### [Given data]
_ _ _ _
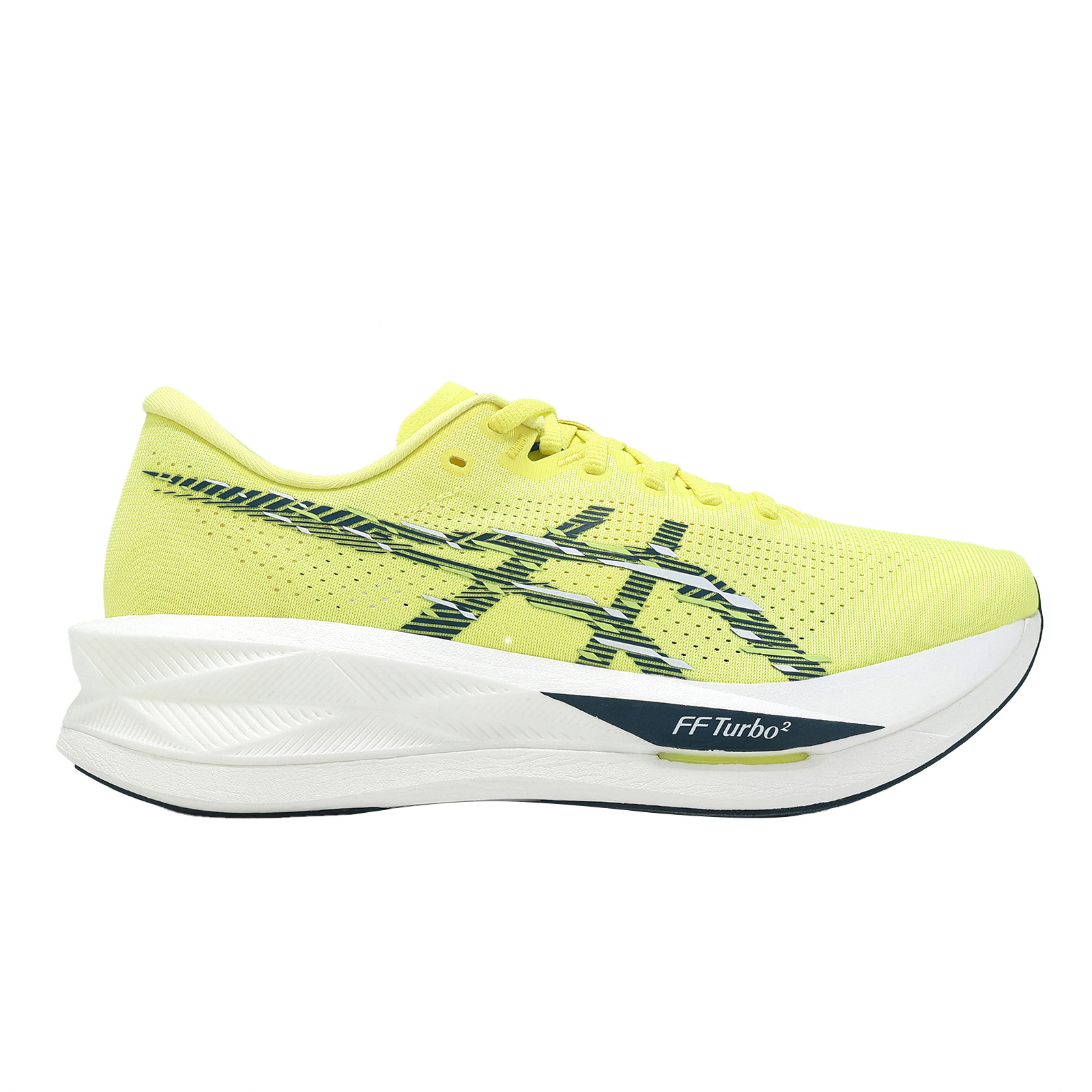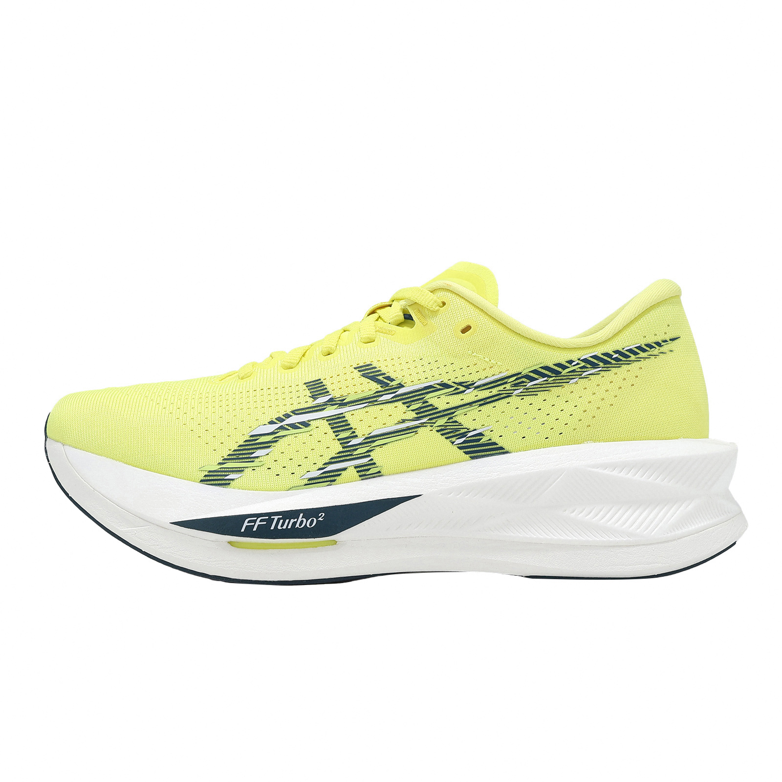 * 上層採用全新FF TURBO 彈性材質,提供優於FF TURBO+ 的回彈效果,打造極具彈力的活潑腳感。
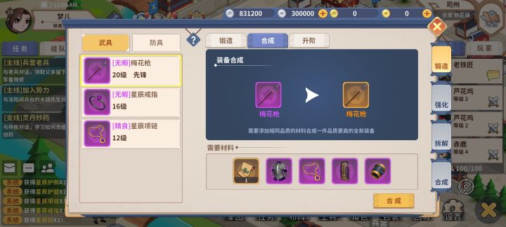 也就是5合1,比如5件紫装,合成1件橙装,合成装备的类型和第一件材料相同。
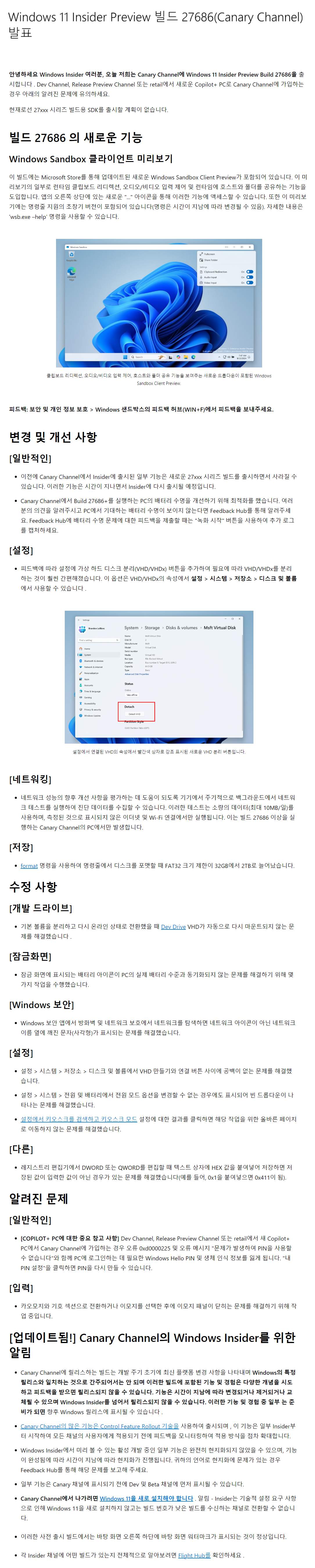 오랫동안 기다렸던, 27xxx 빌드라서 오늘 바로 설치해봤습니다...ㅎ
_ _ _ _
Would you return the material exactly, images excluded?

### [Expected output]
 * 上層採用全新FF TURBO 彈性材質,提供優於FF TURBO+ 的回彈效果,打造極具彈力的活潑腳感。
 也就是5合1,比如5件紫装,合成1件橙装,合成装备的类型和第一件材料相同。
 오랫동안 기다렸던, 27xxx 빌드라서 오늘 바로 설치해봤습니다...ㅎ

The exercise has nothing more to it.